As medidas adotadas para mensuração de flow são em geral definidas na perspectiva do indivíduo. Os itens específicos identificados neste estudo para mensuração de flow em equipes estão restritos aos construtos comprometimento da equipe com a meta (team goal commitment) e troca de informações (information exchange) (Aubé & Rousseau, 2005), que bem podem ser associados à complexidade percebida da tarefa e elaboração de conhecimento em equipe (Heyne et al., 2011).

Ainda assim, acredita-se que há atributos/propriedades específicos caracterizadores de flow em equipes que merecem investigação adequada. Especificamente em equipes de TI – e em determinados tipos de projeto –, o comprometimento com a meta, que estabelece desafios, que requer habilidades, que promove concentração, que requer senso de controle e que fornece feedback imediato são fenômenos que ocorrem em níveis compartilhados e em considerável intensidade, motivados pela natureza ágil e dinâmica da atividade profissional em si e pelas tecnologias e processos de trabalho envolvidos.

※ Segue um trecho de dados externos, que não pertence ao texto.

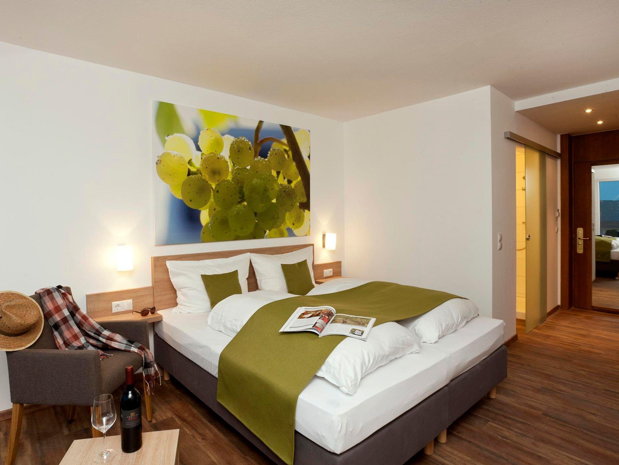 Von Weinmachern erbaut und gestaltet. Ein familiengeführtes Weinhotel direkt in den Weinbergen gelegen. Alle Appartements bieten Ihnen einen herrlichen Ausblick auf die direkt angrenzenden Weinberge. Begegnen Sie dem Wein während Sie unser Gast sind und genießen Sie die idyllische Ruhe dabei. Es ist ein Nichtraucher-Haus.

A ocorrência desses fenômenos é pré-requisito para ocorrência de flow em indivíduos (Guo & Poole, 2009), estado em que a experiência autotélica (autorrecompensadora) ocorre plenamente, promovendo esquecimento de si, percepção diferenciada de tempo e fusão entre ação e consciência. Mas o que ocorre quando um

grupo de indivíduos, trabalhando conjuntamente, alcança esse estado? Quais atributos/propriedades emergem sob essa condição? Como mensurar um fenômeno que ocorre no nível dos relacionamentos observando-o estritamente no nível das entidades envolvidas?

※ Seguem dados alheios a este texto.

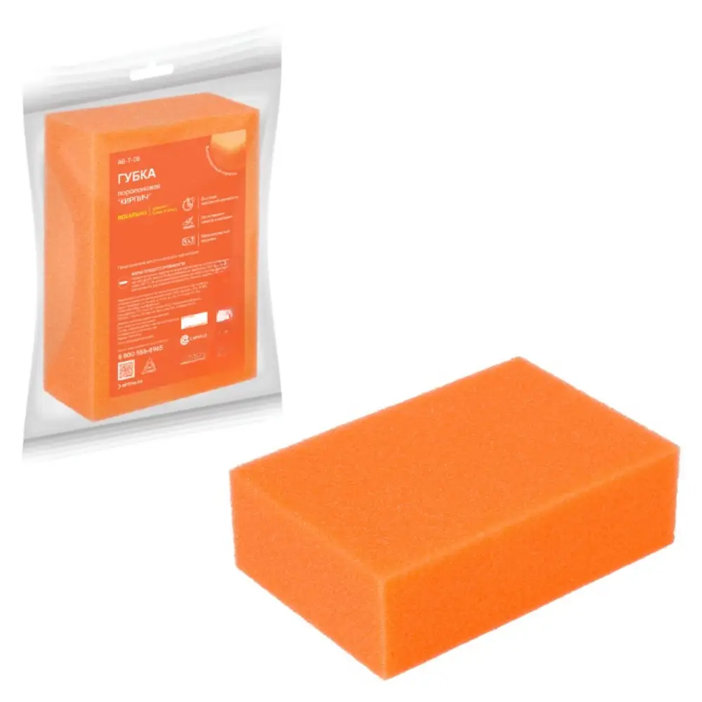 Губка поролоновая "Кирпич" оранжевого цвета прямоугольной формы, изготовленная из ВЫСОКОПРОЧНОГО мелкопористого поролона - это доступное и бюджетное средство для избавления от загрязнений на поверхности стекол, фар и корпуса автомобиля. Губка обладает особой поверхностью, которая легко и плавно очищает автомобиль, не создавая после уборки царапин или разводов. Губка обладает высокой влаговпитываемостью и легко отжимается.

O conjunto desses questionamentos enseja a busca por respostas em estudo especialmente desenhado para esse fim (estudo 3), essencialmente focado em (a) prospecção de atributos/propriedades junto a profissionais de TI que atuem ou tenham atuado em equipes com algumas das características de flow; (b) consideração da literatura que relata investigações de flow em equipes (p.ex: Aubé & Rousseau, 2005; Nakamura & Csikszentmihalyi, 2005); (c) elaboração de instrumento de mensuração a partir dos elementos obtidos em “a” e “b”; e (d) validação do instrumento.